Google recently unveiled an upgraded version of its large language model, Gemini 1.5 Pro, which now includes an audio monitoring feature. With this enhancement, Gemini can analyze uploaded audio files, extract key information from earnings conference calls or video audio, and provide insights without the need for transcription.
During the Google Next conference held on Tuesday, Google announced the availability of Gemini 1.5 Pro to the public through its artificial intelligence application development platform, Vertex AI. This release marks the first time the model has been made accessible to external developers since its initial introduction in February of this year.
Gemini 1.5 Pro, positioned as the "middle-weight" model within the Gemini family, has surpassed the performance of its predecessor, Gemini Ultra, which was considered the largest and most powerful variant. Google claims that Gemini 1.5 Pro can comprehend complex instructions and requires no special adjustments for utilization.
It is important to note that the full functionality of Gemini 1.5 Pro is only accessible through Vertex AI. Currently, most users engage with Gemini's large language model through the Gemini chatbot. While Gemini Ultra offers robust support for the Gemini Advanced chatbot and can understand longer inputs, it is less responsive compared to Gemini 1.5 Pro.
In addition to the Gemini 1.5 Pro update, Google has also made advancements to other significant artificial intelligence models, including Imagen 2. This text-to-image generation model enhances Gemini's image generation capabilities by introducing features such as image outpainting and inpainting. These new functionalities allow users to manipulate images by adding or removing elements more flexibly.
To ensure copyright protection and source traceability for images generated by the Imagen model, Google has incorporated SynthID digital watermark technology into all generated images. This innovative approach utilizes virtually invisible watermarks that can be detected using specialized tools, effectively identifying the source of an image.

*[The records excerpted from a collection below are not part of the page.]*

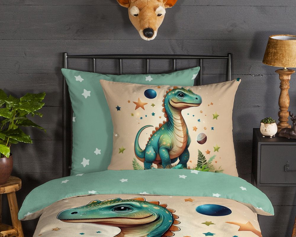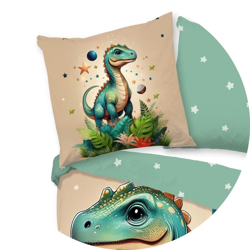 2 -teilige Flanell- Winterbettwäsche "Dinosaurier Sterne Grün" in 135 x 200 cm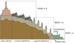 Die Architektur des Borobudur wurde in Übereinstimmung mit dieser Kosmologie gestaltet. Jeder Teil des Monuments ist einer anderen Welt gewidmet. Das Kamadhatu ist eine große rechteckige Wand außen am Fuß des Monuments. Über dieser Basis erhebt sich das Rupadhatu, das aus vier rechteckigen Terrassen mit Prozessionswegen besteht, die mit zahlreichen Statuen und 1300 szenischen und 1200 figurativen Reliefs dekoriert sind. Darüber erhebt sich das Arupadhatu, bestehend aus drei kreisförmigen Terrassen, in deren Zentrum sich eine große glockenförmige Kuppel erhebt. Gleich aus welcher Perspektive man das Bauwerk betrachtet – es ist immer schwierig, diese dreigliedrige Grundstruktur zu erkennen.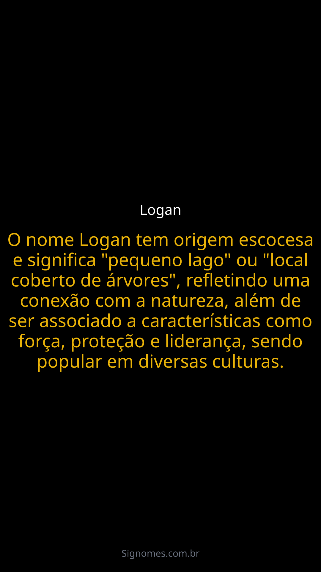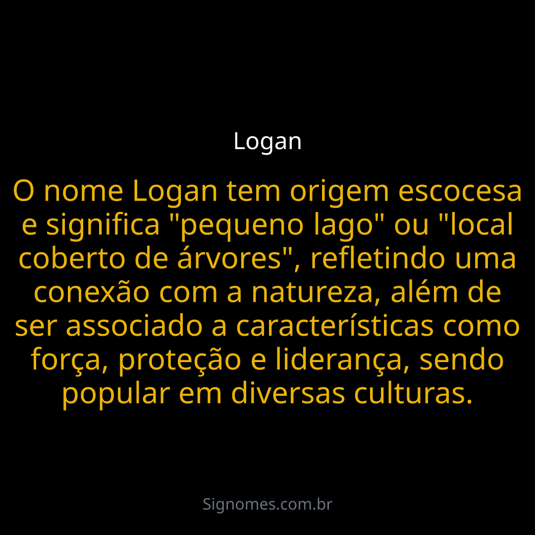 O nome Logan tem origem escocesa e significa "pequeno lago" ou "local coberto de árvores", refletindo uma conexão com a natureza, além de ser associado a características como força, proteção e liderança, sendo popular em diversas culturas.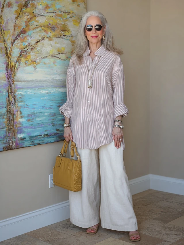 2. Wide-Leg Pants + Tunic Top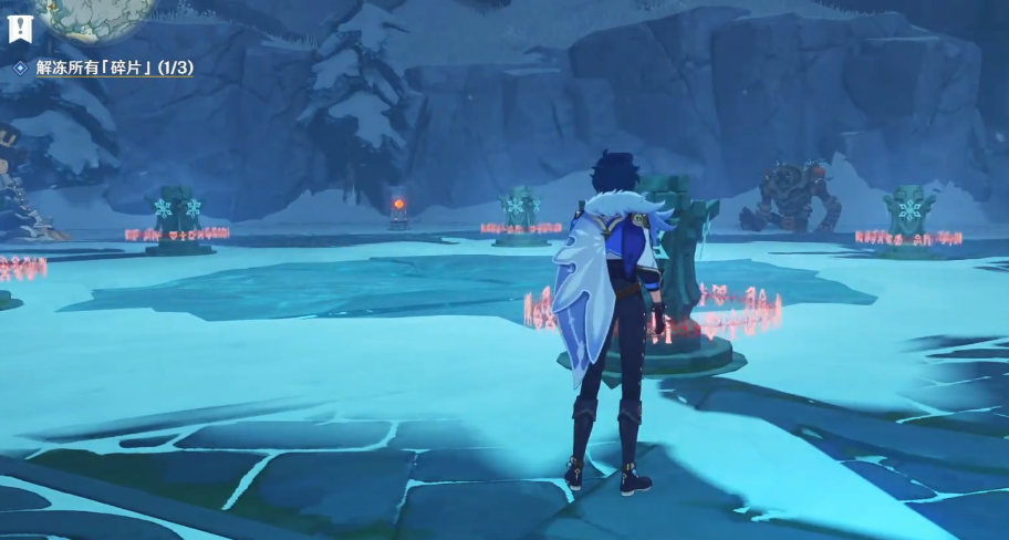 击碎这些红色晶体可获得短暂buff,使下一次攻击能破除遗迹守卫的护盾值。场地中央的五个火柱会轮流激活,靠近可缓解严寒积累,但需注意守卫可能将玩家击飞至未点燃区域。当重型守卫生命值降至30%时会召唤追踪导弹,应引导其靠近火柱,利用爆炸范围伤害反制。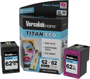 VersaInk-Nano 62 XL Titan ECO Black & Tri-Color Ink Cartridge 2-Pack Replacement of HP 62 and 62 XL, Works with HP Envy 7640, 5660, 5540, OFFICEJET 5740,5743,5741,8040,5744,250 Mobile,200 Mobile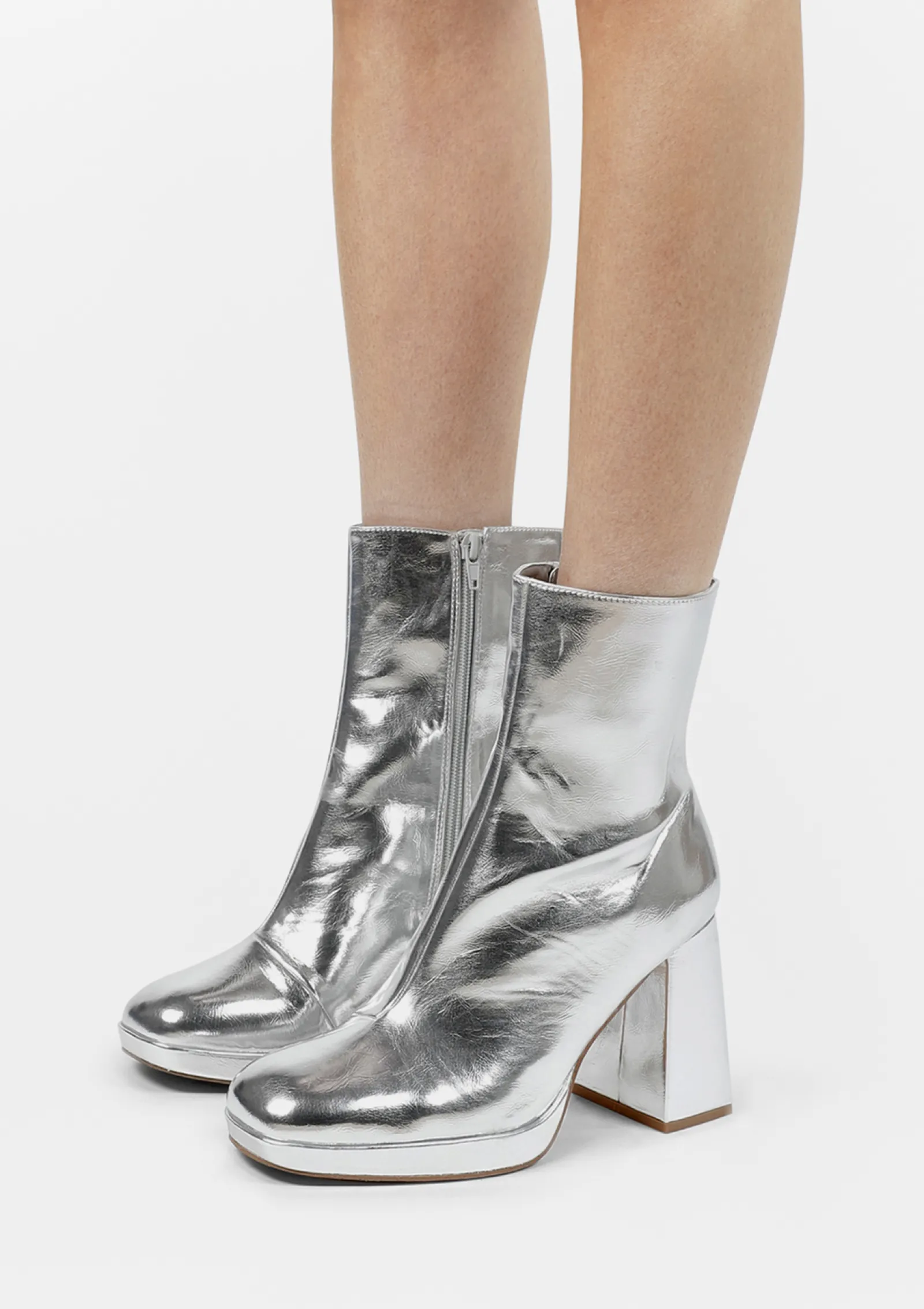 Zilveren Metallic Enkellaarsjes Met Hak^Sacha Store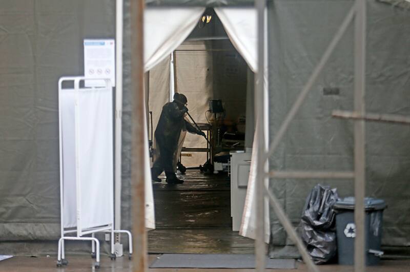 Según se puede ver en imágenes, el agua inundó el interior de las carpas donde se encontraban pacientes sospechosos de coronavirus y algunos de ellos fueron trasladados en camillas envueltos en plástico.
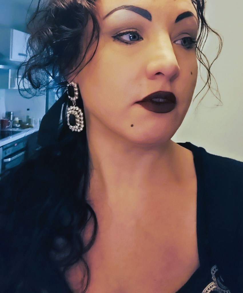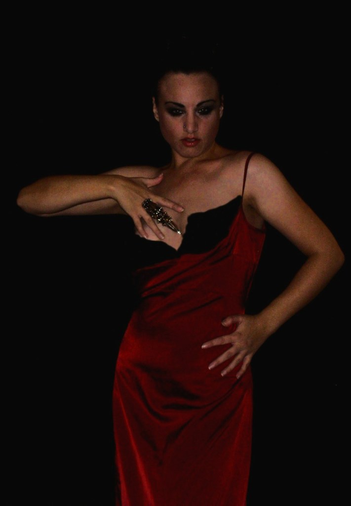 Elden tänds bakom henne.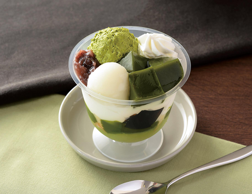 辻利一本店の宇治抹茶を使用した、抹茶好きの方向けの商品。抹茶プリン、スポンジ、抹茶ソース、黒蜜ダイスゼリー、ミルクムースで層を作り、抹茶ムース、もちもち食感の抹茶ゼリー、つぶあん、もち玉、クリームをトッピングしている。抹茶の苦味とあんこや黒蜜の甘さをバランスよく楽しむことができる抹茶パフェ。
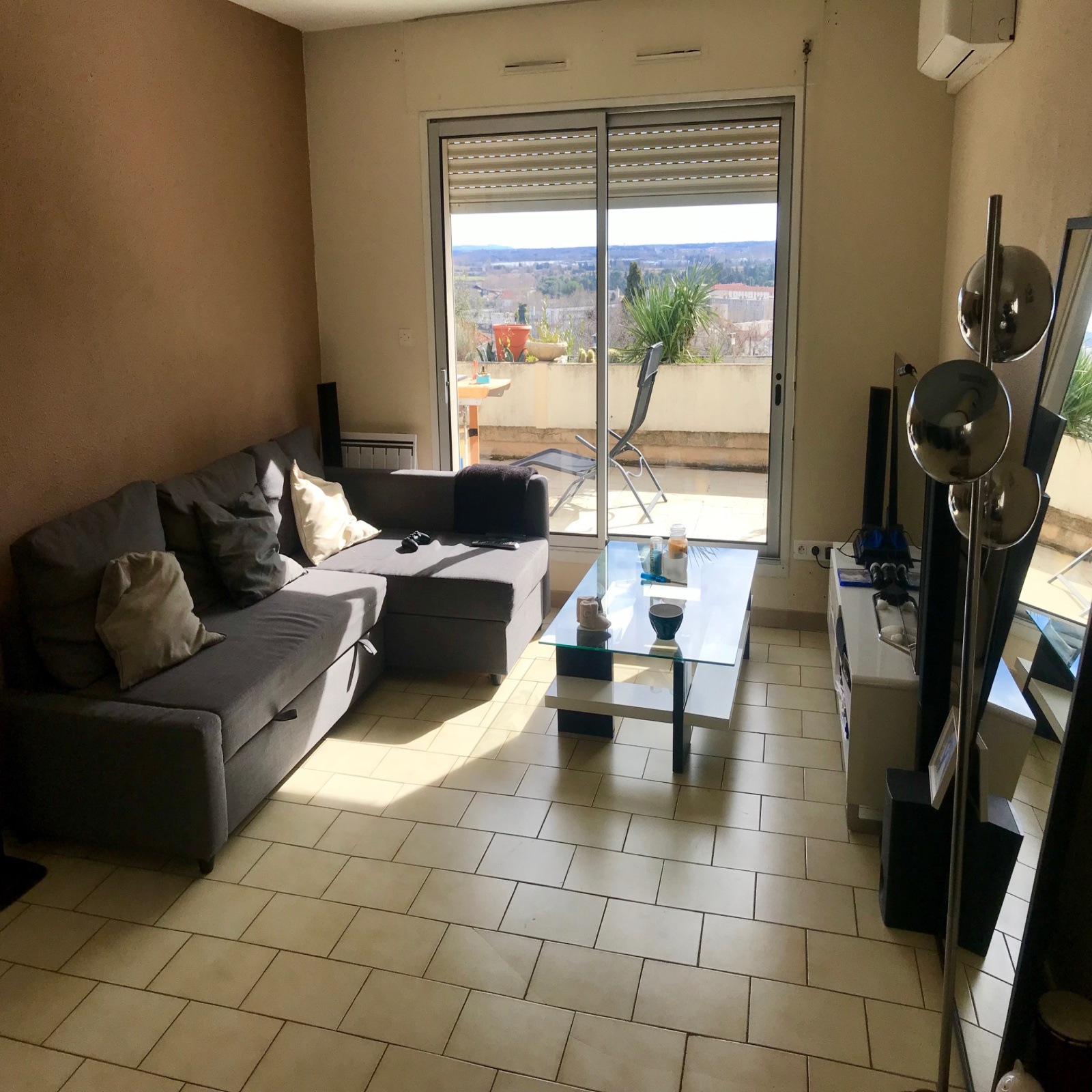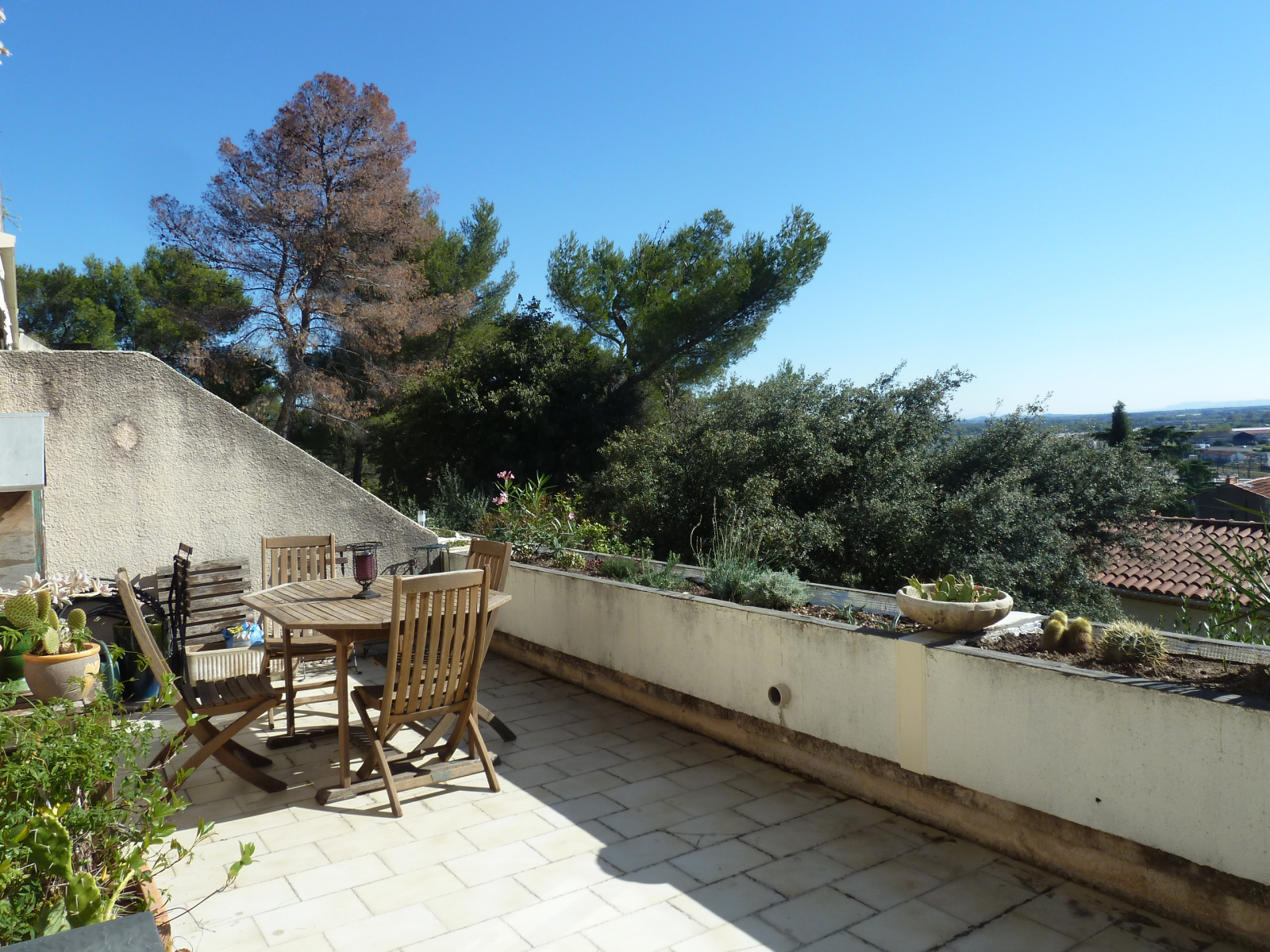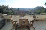 Du hall d'entrée on accède au salon et à la cuisine équipée s'ouvrant les deux sur une grande terrasse avec vue dégagée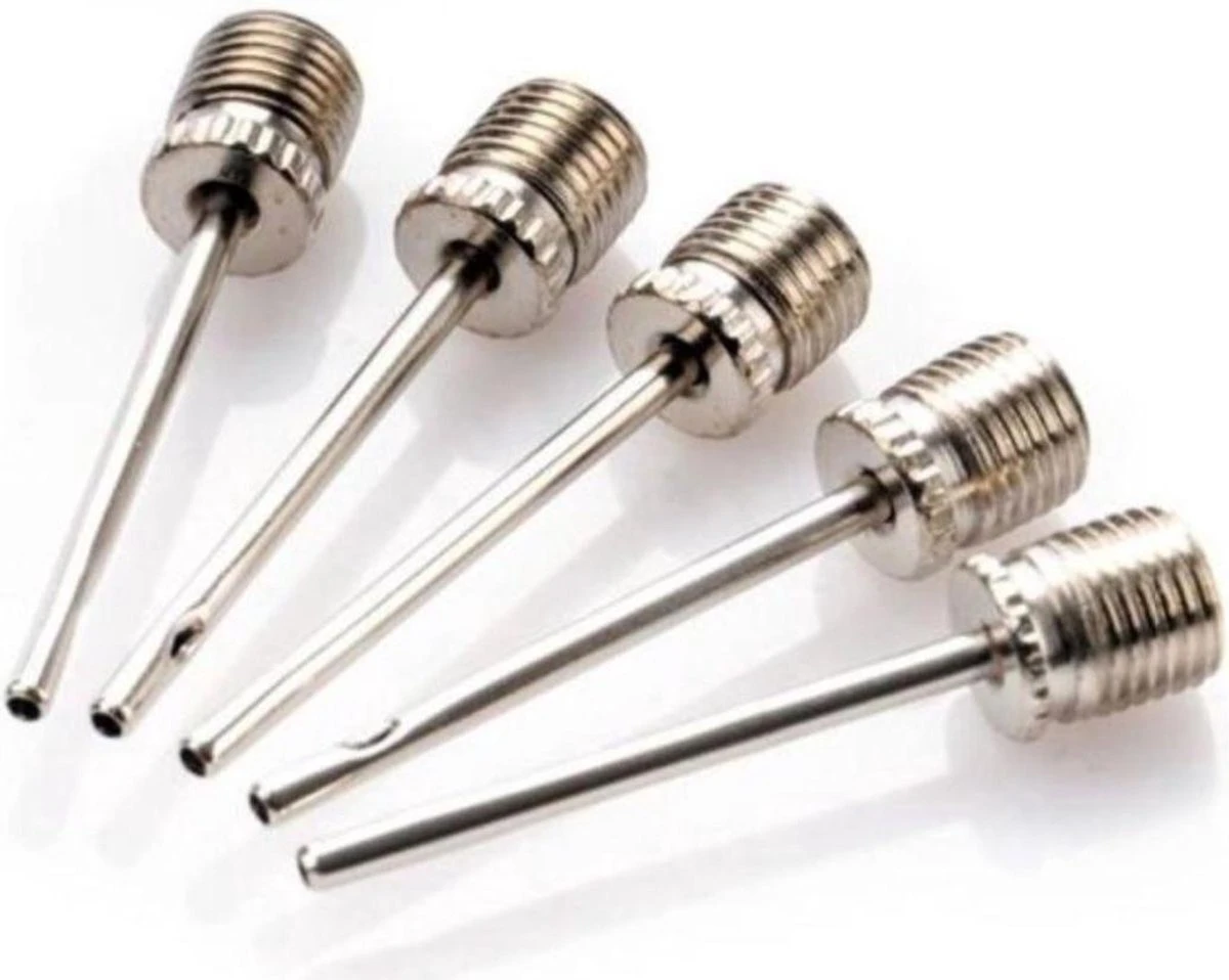 Met deze naalden set kunt u voetballen, volleyballen, basketballen enz. oppompen de set bestaat uit 5 naalden met een schroefdraad van 8mm en de diameter van de naald is 2mm.

Several features of the Imagen model, such as image extension and infill technology, have been adopted by other text-to-image models, including Stability AI’s Stable Cascade and Getty’s Generative AI by iStock. Moreover, these technologies have found applications in consumer electronics products, such as Samsung Galaxy mobile phones.
Beyond advancements in image generation, Google has also demonstrated a method that combines artificial intelligence-generated answers with Google search results, aiming to provide users with real-time and accurate information. However, it is important to note that answers generated by large language models are not always accurate and can occasionally mislead users. As a result, Google has imposed certain restrictions on the Gemini model, including the prohibition of answering questions related to the 2024 US election.